#### Provided data

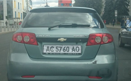 На фото – автомобіль Шевроле з паперовими номерами. Судячи з фішки на даху, водій працює у таксі.
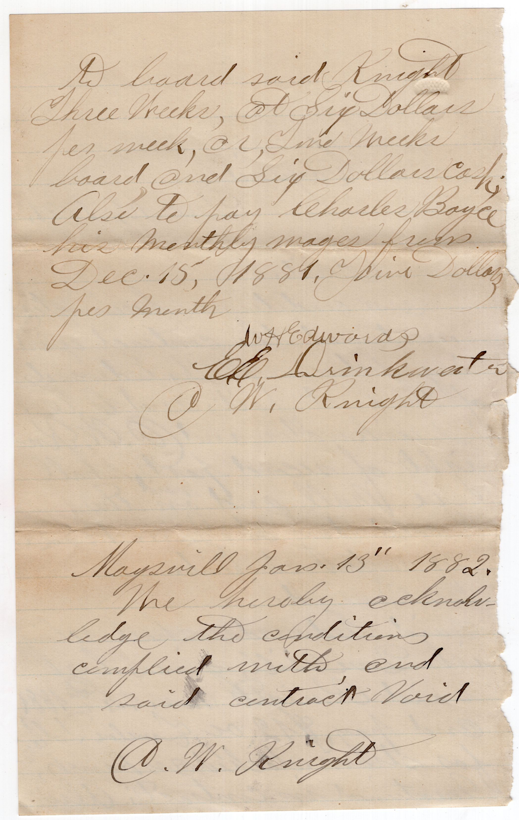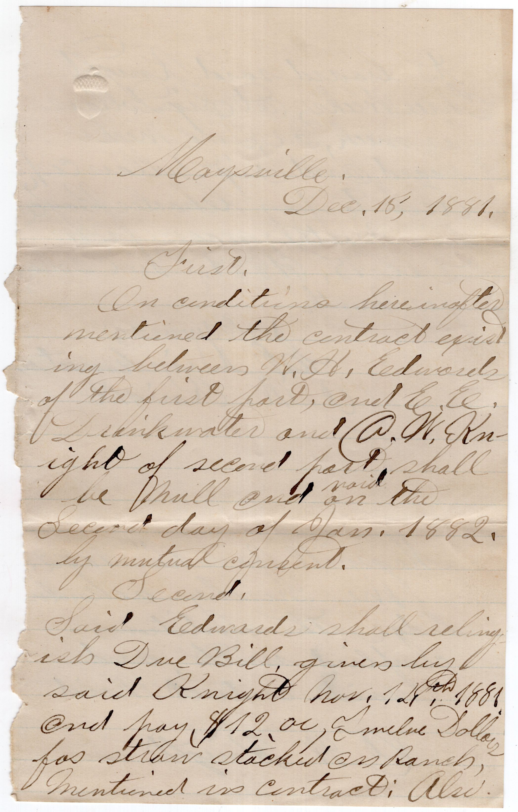 Knight Collection - 1881 Letter; Dated December 15th; Contract written by Arno Knight between W.H. Edwards, Ernest Drinkwater and himself; Ernest is Olive's brotherRelationships
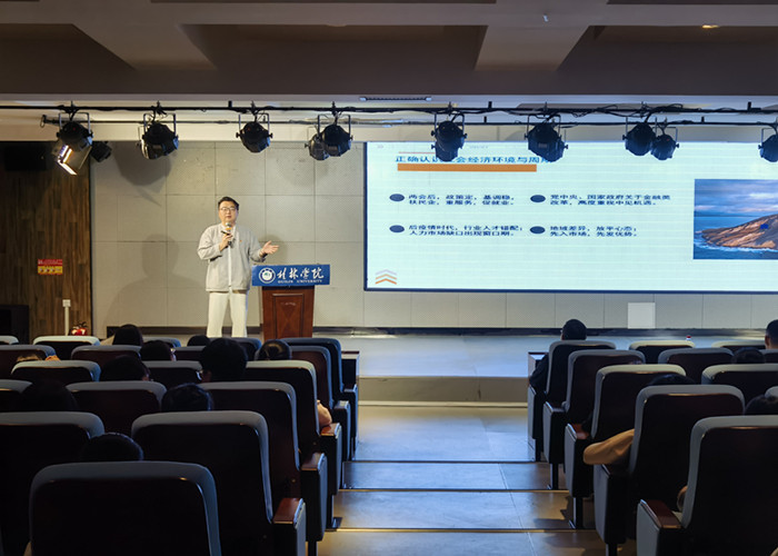 会上,陈俊杰从过渡期管理、就业环境分析、经济周期对专业影响、就业技巧及建议四方面发言。他对2024届就业形势和相关政策进行解读,提出在新时代的背景下,提醒在场毕业生要更积极主动地思考,适当转换求职目的,调整心态,改变“学生气”形象,以“职业人”心态求职。陈俊杰建议同学们:做抓住机会窗口的有心人;结合家庭实际情况、个人兴趣和专长选择就业城市和岗位;做好同理心,站在用人单位的实际需求来考虑求职工作;充分发挥个人资源在求职中的正向作用;端正心态,树立合理目标,沉着应对,对标行业标准。活动最后,党延伟告诫同学们要懂得换位思考,高回报需要多付出,当下最重要的是提升自身价值,也祝福在场所有的同学在求职路上都是幸运儿,都能够找到心仪的工作!
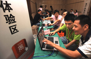 浙江啟動“百場萬企”電子商務系列培訓。9月10日,工作人員(前右二、右四)在培訓浙江的中小企業負責人運用網絡做生意。新華社記者:譚進
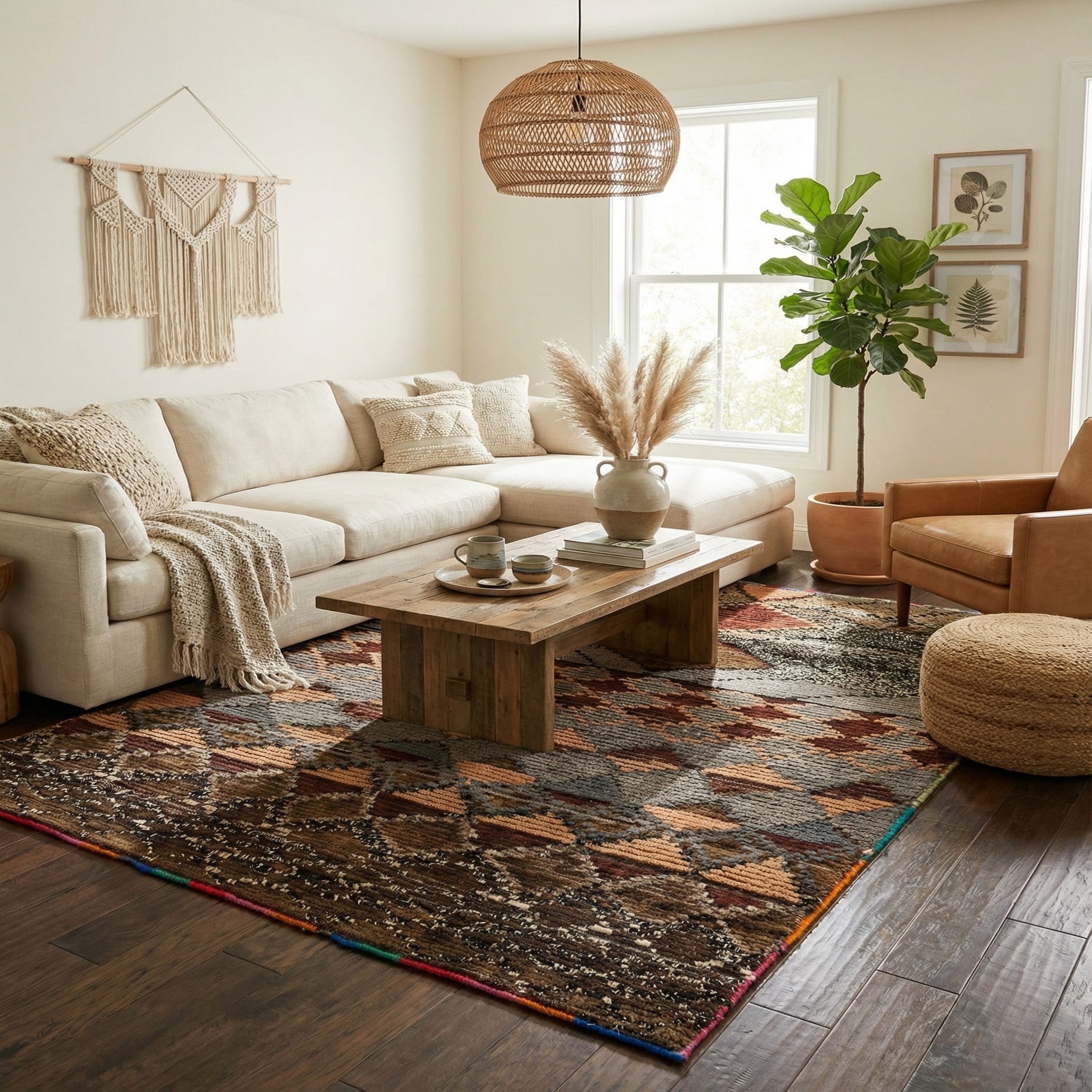 Primary color is Multi. Colors in this rug include: Multi, Beige, Black, Blue, Brown, Light Brown, Gray.

########

Problem statement
Produce an exact copy of each line of data, skipping embedded images.

Expected answer
 На фото – автомобіль Шевроле з паперовими номерами. Судячи з фішки на даху, водій працює у таксі.
 Knight Collection - 1881 Letter; Dated December 15th; Contract written by Arno Knight between W.H. Edwards, Ernest Drinkwater and himself; Ernest is Olive's brotherRelationships
 会上,陈俊杰从过渡期管理、就业环境分析、经济周期对专业影响、就业技巧及建议四方面发言。他对2024届就业形势和相关政策进行解读,提出在新时代的背景下,提醒在场毕业生要更积极主动地思考,适当转换求职目的,调整心态,改变“学生气”形象,以“职业人”心态求职。陈俊杰建议同学们:做抓住机会窗口的有心人;结合家庭实际情况、个人兴趣和专长选择就业城市和岗位;做好同理心,站在用人单位的实际需求来考虑求职工作;充分发挥个人资源在求职中的正向作用;端正心态,树立合理目标,沉着应对,对标行业标准。活动最后,党延伟告诫同学们要懂得换位思考,高回报需要多付出,当下最重要的是提升自身价值,也祝福在场所有的同学在求职路上都是幸运儿,都能够找到心仪的工作!
 浙江啟動“百場萬企”電子商務系列培訓。9月10日,工作人員(前右二、右四)在培訓浙江的中小企業負責人運用網絡做生意。新華社記者:譚進
 Primary color is Multi. Colors in this rug include: Multi, Beige, Black, Blue, Brown, Light Brown, Gray.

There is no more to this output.